RECORDED DATA:
━━━━━━━━━━━━━━━━

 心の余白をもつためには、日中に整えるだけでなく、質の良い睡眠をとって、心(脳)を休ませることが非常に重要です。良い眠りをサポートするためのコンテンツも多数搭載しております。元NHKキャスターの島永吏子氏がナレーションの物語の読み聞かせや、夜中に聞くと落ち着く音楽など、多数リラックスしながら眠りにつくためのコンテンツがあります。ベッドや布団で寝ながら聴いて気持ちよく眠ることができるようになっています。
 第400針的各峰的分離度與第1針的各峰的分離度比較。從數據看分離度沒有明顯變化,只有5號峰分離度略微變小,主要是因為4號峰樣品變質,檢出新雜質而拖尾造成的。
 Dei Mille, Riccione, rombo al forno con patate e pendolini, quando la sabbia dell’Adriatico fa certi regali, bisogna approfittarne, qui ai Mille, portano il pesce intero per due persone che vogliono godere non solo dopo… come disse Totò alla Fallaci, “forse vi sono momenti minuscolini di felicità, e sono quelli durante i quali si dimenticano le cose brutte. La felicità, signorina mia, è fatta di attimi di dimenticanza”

━━━━━━━━━━━━━━━━

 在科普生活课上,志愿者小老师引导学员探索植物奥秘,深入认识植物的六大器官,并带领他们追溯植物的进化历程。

━━━━━━━━━━━━━━━━

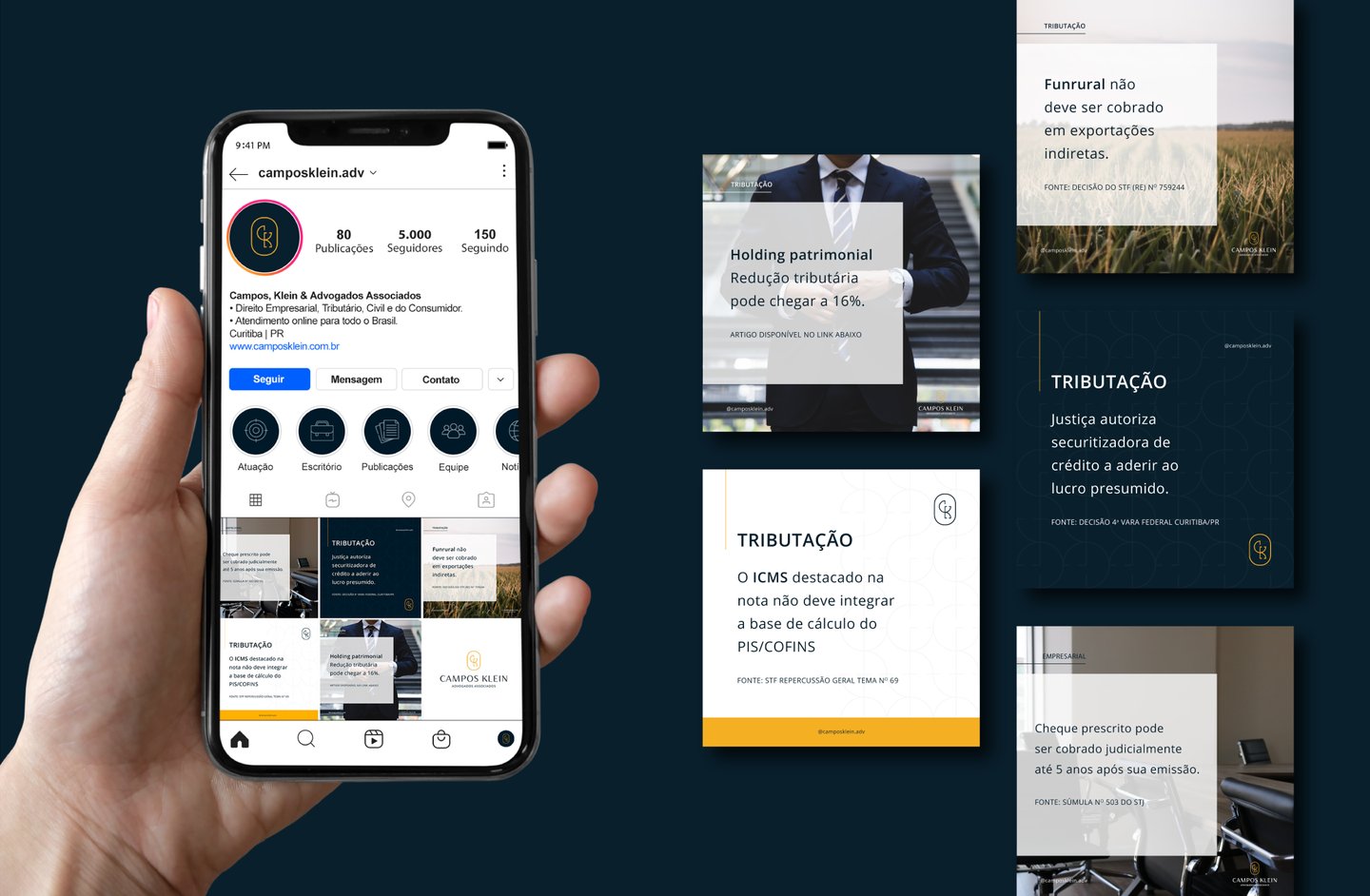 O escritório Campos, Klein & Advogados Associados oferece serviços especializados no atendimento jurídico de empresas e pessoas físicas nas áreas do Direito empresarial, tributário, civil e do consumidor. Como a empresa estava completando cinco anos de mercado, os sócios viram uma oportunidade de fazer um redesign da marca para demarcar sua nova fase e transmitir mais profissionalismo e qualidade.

━━━━━━━━━━━━━━━━

The reply should hold only the lines of the listing above starting at the line containing "心の余白をもつためには、日中" and ending at the line containing "Dei Mille, Riccione, rombo", exactly as written.

 心の余白をもつためには、日中に整えるだけでなく、質の良い睡眠をとって、心(脳)を休ませることが非常に重要です。良い眠りをサポートするためのコンテンツも多数搭載しております。元NHKキャスターの島永吏子氏がナレーションの物語の読み聞かせや、夜中に聞くと落ち着く音楽など、多数リラックスしながら眠りにつくためのコンテンツがあります。ベッドや布団で寝ながら聴いて気持ちよく眠ることができるようになっています。
 第400針的各峰的分離度與第1針的各峰的分離度比較。從數據看分離度沒有明顯變化,只有5號峰分離度略微變小,主要是因為4號峰樣品變質,檢出新雜質而拖尾造成的。
 Dei Mille, Riccione, rombo al forno con patate e pendolini, quando la sabbia dell’Adriatico fa certi regali, bisogna approfittarne, qui ai Mille, portano il pesce intero per due persone che vogliono godere non solo dopo… come disse Totò alla Fallaci, “forse vi sono momenti minuscolini di felicità, e sono quelli durante i quali si dimenticano le cose brutte. La felicità, signorina mia, è fatta di attimi di dimenticanza”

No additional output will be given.